As stated in the Independent:
It was produced to detail the “simple acts which the ordinary individual citizen-saboteur can perform”, allowing citizens to do damage to countries and companies using normal kit and “in such a way as to involve a minimum danger of injury, detection and reprisal”.
The entire guide is available here. It’s exhaustive but worth a read. I burned a half-hour today reading through it while nodding my head and mumbling “mmm hmm” as I thought about all of the passive hell raisers I’ve worked with in the past and whether or not they were on a covert op or just assholes.
Here are some of the highlights:
∙Refer back to matters decided upon at the last meeting and attempt to re-open the question of the advisability of that decision.
∙Make speeches. Talk as frequently as possible and at great length. Illustrate your “points” with long anecdotes and accounts of personal experiences.
∙When possible, refer all matters to committees, for “further study and consideration.” Attempt to make the committees as large as possible – never less than five.
∙Bring up irrelevant issues as frequently as possible.
∙Misunderstand orders. Ask endless questions or engage in long correspondence about such orders. Quibble over them when you can.
∙Haggle over precise wordings of communications, minutes, resolutions.
∙Be unreasonable and urge your fellow-conferees to be “reasonable” and avoid haste which might result in embarrassments or difficulties later on.
∙Don’t order new working’ materials until your current stocks have been virtually exhausted, so that the slightest delay in filling your order will mean a shutdown.
∙To lower morale and with it, production, be pleasant to inefficient workers; give undeserved promotions. Discriminate against efficient workers; complain unjustly about their work.
∙Fill out forms illegibly so that they will have to be done over; make mistakes or omit requested information in forms.
∙Spread disturbing rumors that sound like inside dope.
Inside dope? I’m in.
Being a spy is usually on every kid’s fantasy job list in between astronaut and Scott Disick. This just adds a whole new element to the espionage game. I mean, you don’t have to be a genetically altered Jason Bourne freak show to run a covert op. There’s a place for know-it-all assholes who lack self-awareness, too.
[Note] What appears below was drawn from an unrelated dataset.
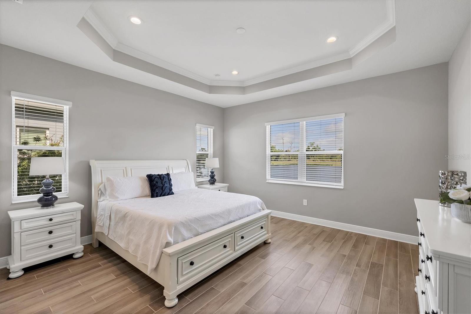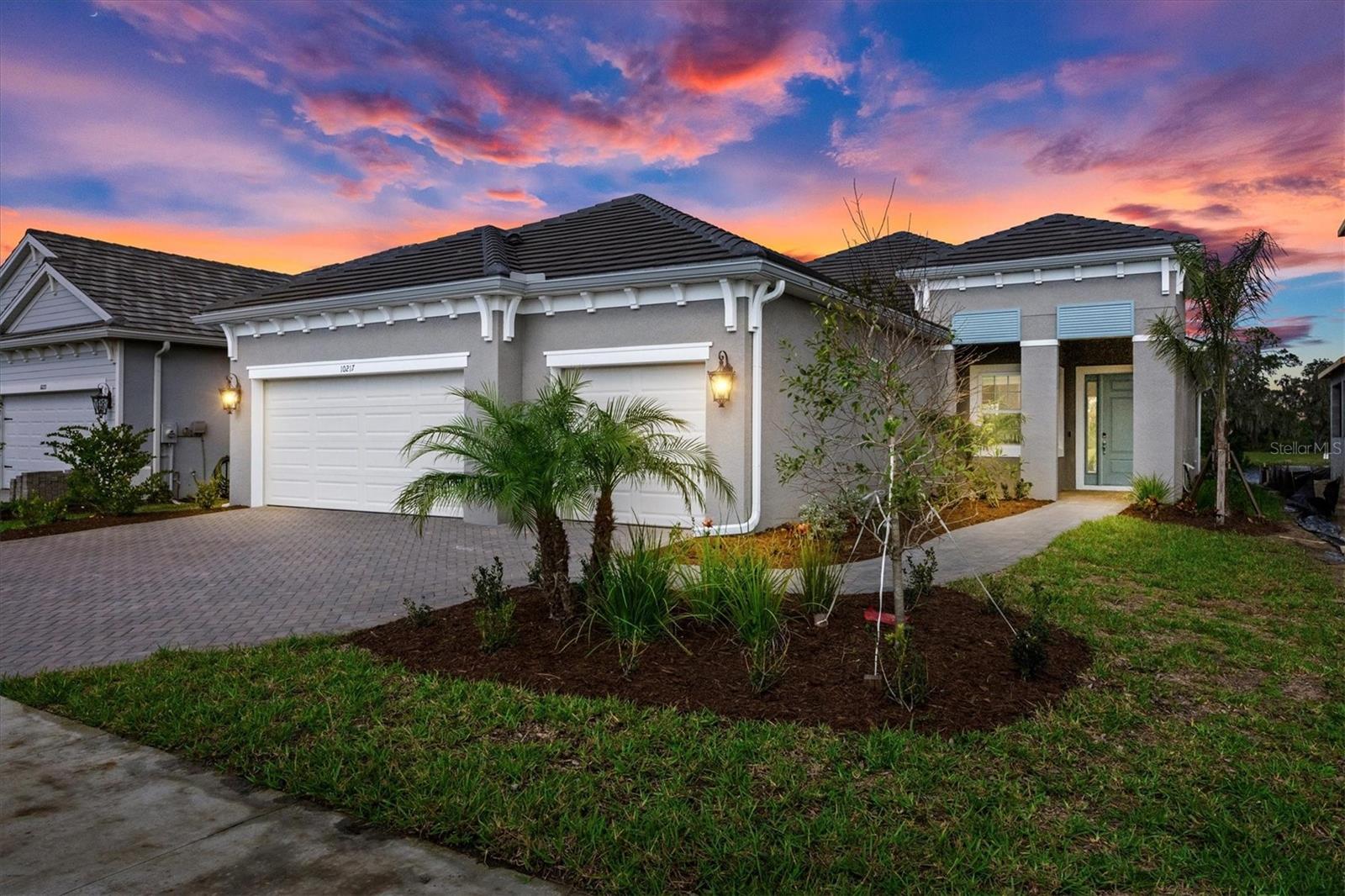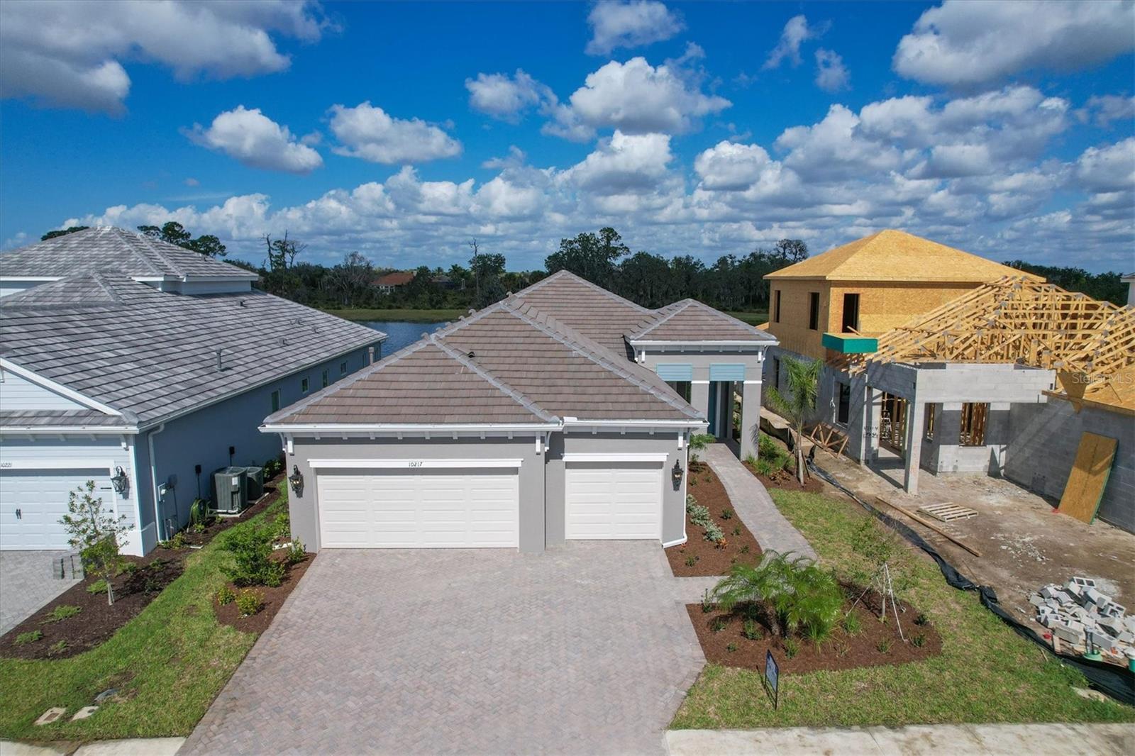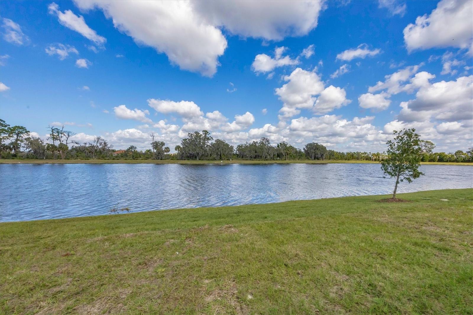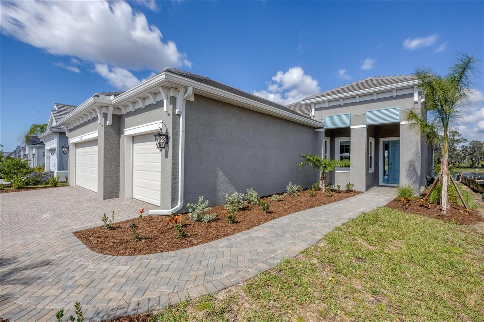 Experience luxurious, maintenance-free living in this stunning coastal-inspired home in Grand Park, one of Sarasota’s premier communities! Located at 10217 Canaveral Circle, this nearly brand-new 3-bedroom, 2.5-bath home with a large den sits on one of the most breathtaking waterfront lots in the neighborhood—offering expansive lake views with no homes directly across the water. Inside, you’ll find neutral tile flooring throughout, soaring high ceilings with elegant moldings and tray details, and an open-concept chef’s kitchen featuring quartz countertops, shaker cabinets, stainless steel appliances, a gas cooktop with a custom hood, and an oversized island—perfect for entertaining. The exterior is equally impressive, with a 3-car garage, tile roof, paver driveway, hurricane protections for windows and a spacious rear patio where you can enjoy serene water views. Plus, there’s ample room to add a private pool if desired. Grand Park offers resort-style amenities, including a brand-new clubhouse, state-of-the-art fitness center, two gorgeous pools, a boardroom, two tennis courts, four pickleball courts, a playground, a dog park, and massive sporting fields. Conveniently located near Twin Lakes Park, I-75, top-rated new schools and less than 10 miles to the award winning beaches of Siesta Key, this home is the perfect blend of elegance, comfort, and prime location. Don’t miss this rare opportunity—schedule your private tour today!
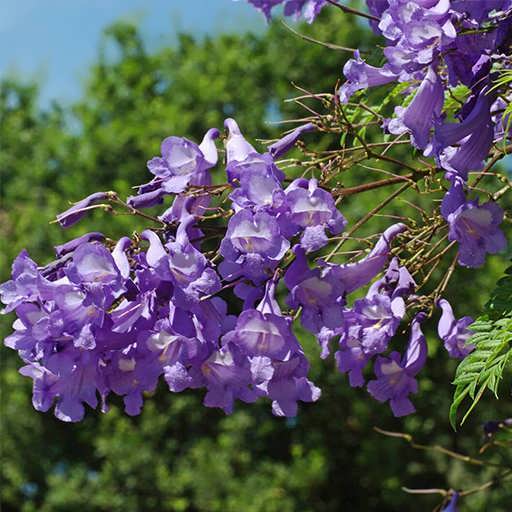 اواخر فصل بهار و اوایل تابستان بر روی شاخه های این درخت گلهای بنفش خوشه ای مانندی به حالت توده گسترده آویزان رشد می کند. شکل ظاهری گل های این درخت، به صورت هر گل با یک تاج آبی پنج لبه ای تا آبی بنفش بوجود می آید. هر گل تا 5 سانتی متر طول دارد و طول هر خوشه گل به 30 سانتی متر می رسد که زیبایی شگفت آور و تحسین برانگیزی به ظاهر درخت می بخشد. رشد و شکوفایی گل ها حدود دو ماه طول می کشد و گل های این درخت به مرور به غلاف های بذر چوبی به قطر حدود 5 سانتیمتر تبدیل می گردد که حاوی تعداد زیادی دانه مسلح و بالدار هستند. رنگ برگ های این درخت تقریبا در تمام طول سال سبز است و فقط در دوره کوتاهی در اردیبهشت و خرداد خزان دارد.

This is huge news for Todd over in Logistics.
Next time that conference call runs long because some dude wants to beat a dead horse and share a personal story that has you rolling your eyes and doing the dice-roll hand motion, keep in mind that you may be dealing with a saboteur. Head on a swivel..
[via Independent]
Image via Shutterstock
I just tried to roll invisible dice in my hand while sitting at my desk, which is out in the open. Should’ve thought about that for a few more seconds…
I apparently work with a company full of spies.
How is always coming in when sick not on this list? Chock it up to dedication if somebody complains.
This sounds like how the public sector operates….
Oh right, the private sector definitely operates more efficiently…
ohhhh this is getting heated.
It won’t go too far. SadlyPG will need 3 more months to form an investigative committee and a $15 million funding increase to figure out how to respond to postgradpoverty’s rebuttal. And then another 6 months and $40 million to figure out what sort of consequences transgendered street walking polar bears in Sierra Leone would suffer as a result of posting said rebuttal.